La religion chrétienne domine la civilisation occidentale du Moyen-Age à la Révolution, puis son influence décline. Au 16e, deux courants s'opposent: les catholiques (traditionalistes, France, Espagne, Italie) et les protestants (Allemagne, pays du nord). Les compositeurs expriment la douleur (mort du christ) et la joie (naissance du christ, résurrection)  inhérentes à cette religion, selon leur style et leur époque à travers plusieurs genres de musique exclusivement vocale (à cause de l’importance du texte):

 

 

CHANT GREGORIEN:  Un chœur de moines qui chantent tous une même mélodie sur un texte religieux, sans accompagnement instrumental. C’est la première musique chrétienne écrite (depuis le VIIIe siècle).

 

 

MESSE:  Le genre principal de la musique religieuse occidentale. Elle célèbre le rite de

                 l'eucharistie (pain et vin symbole du Christ donné aux fidèles). Elle contient toujours

                 ces pièces dites de l’ordinaire (dont le texte ne change jamais):

 

                 1 - Kyrie (Seigneur prends pitié)  

                 2 - Gloria (Gloire au seigneur)

                 3 - Credo (Je crois en Dieu)

                 4 - Sanctus (Saint est le seigneur)

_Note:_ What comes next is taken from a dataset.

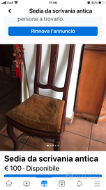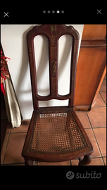 Vendo 100? Sedia antica adatta per scrivania o scrittoio oppure da salotto, in legno dipinto con alto schienale e seduta in vimini originale dell'epoca, completa di cuscino a forma fatto dal Tapezziere in velluto color oro con passamaneria , la sedia è in buono stato e non necessita di particolare restauro

                 5 - Agnus dei (Agneau de Dieu).

                 

Exemples : Messe en si mineur de Bach (1733-1748), Missa Solemnis de Beethoven (vers 1815)

 

 

MAGNIFICAT:   C’est une pièce qui vise à glorifier Dieu, elle est de caractère joyeux et imposant

 Exemple : Magnificat de Bach

 

 

REQUIEM:  C'est une messe dédiée aux morts. Requiem veut dire "repos" (repos éternel)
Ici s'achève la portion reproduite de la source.